- [WORK ITEM]
Look in the listing below for the line that has "Audio content can", then return it and each following line up to and including the one with "Prendre une feuille", exactly and without pictures.

- [EXERCISE INPUT]
☆ ☆ ☆

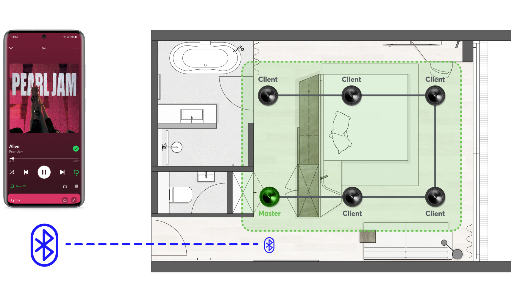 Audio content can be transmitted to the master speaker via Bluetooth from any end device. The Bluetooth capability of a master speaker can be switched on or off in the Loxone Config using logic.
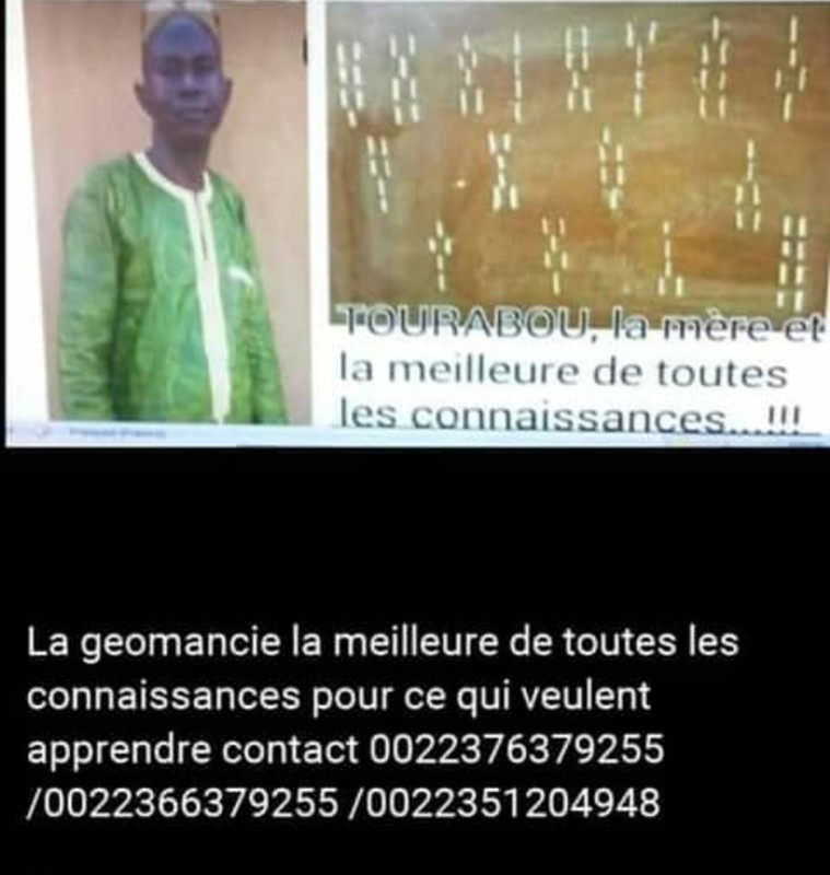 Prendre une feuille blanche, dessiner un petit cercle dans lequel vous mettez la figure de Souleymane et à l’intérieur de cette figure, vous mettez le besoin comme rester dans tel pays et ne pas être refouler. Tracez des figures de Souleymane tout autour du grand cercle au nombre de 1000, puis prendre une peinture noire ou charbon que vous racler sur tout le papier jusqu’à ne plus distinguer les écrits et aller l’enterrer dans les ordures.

☆ ☆ ☆

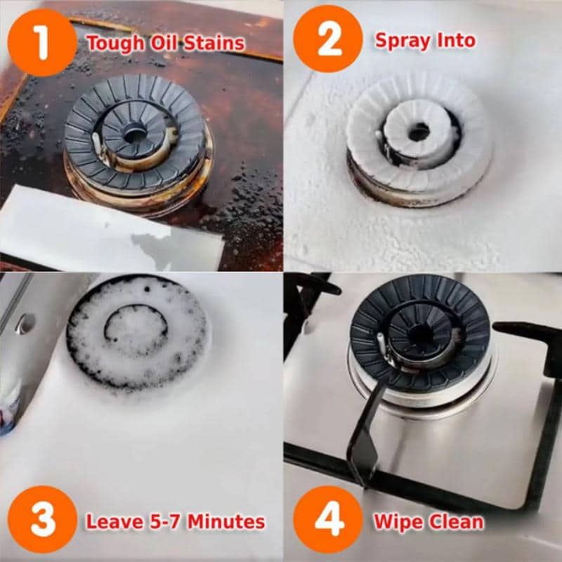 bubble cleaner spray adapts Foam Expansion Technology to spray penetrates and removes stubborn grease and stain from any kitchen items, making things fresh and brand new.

☆ ☆ ☆

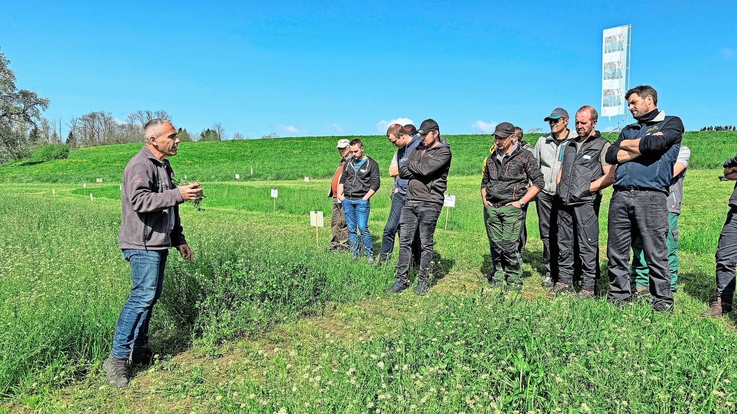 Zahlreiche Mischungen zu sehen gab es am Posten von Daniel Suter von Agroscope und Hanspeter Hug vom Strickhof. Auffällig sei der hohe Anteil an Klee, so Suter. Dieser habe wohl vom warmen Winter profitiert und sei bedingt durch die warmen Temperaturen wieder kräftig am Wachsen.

☆ ☆ ☆

- [RESPONSE TO THIS EXERCISE]
 Audio content can be transmitted to the master speaker via Bluetooth from any end device. The Bluetooth capability of a master speaker can be switched on or off in the Loxone Config using logic.
 Prendre une feuille blanche, dessiner un petit cercle dans lequel vous mettez la figure de Souleymane et à l’intérieur de cette figure, vous mettez le besoin comme rester dans tel pays et ne pas être refouler. Tracez des figures de Souleymane tout autour du grand cercle au nombre de 1000, puis prendre une peinture noire ou charbon que vous racler sur tout le papier jusqu’à ne plus distinguer les écrits et aller l’enterrer dans les ordures.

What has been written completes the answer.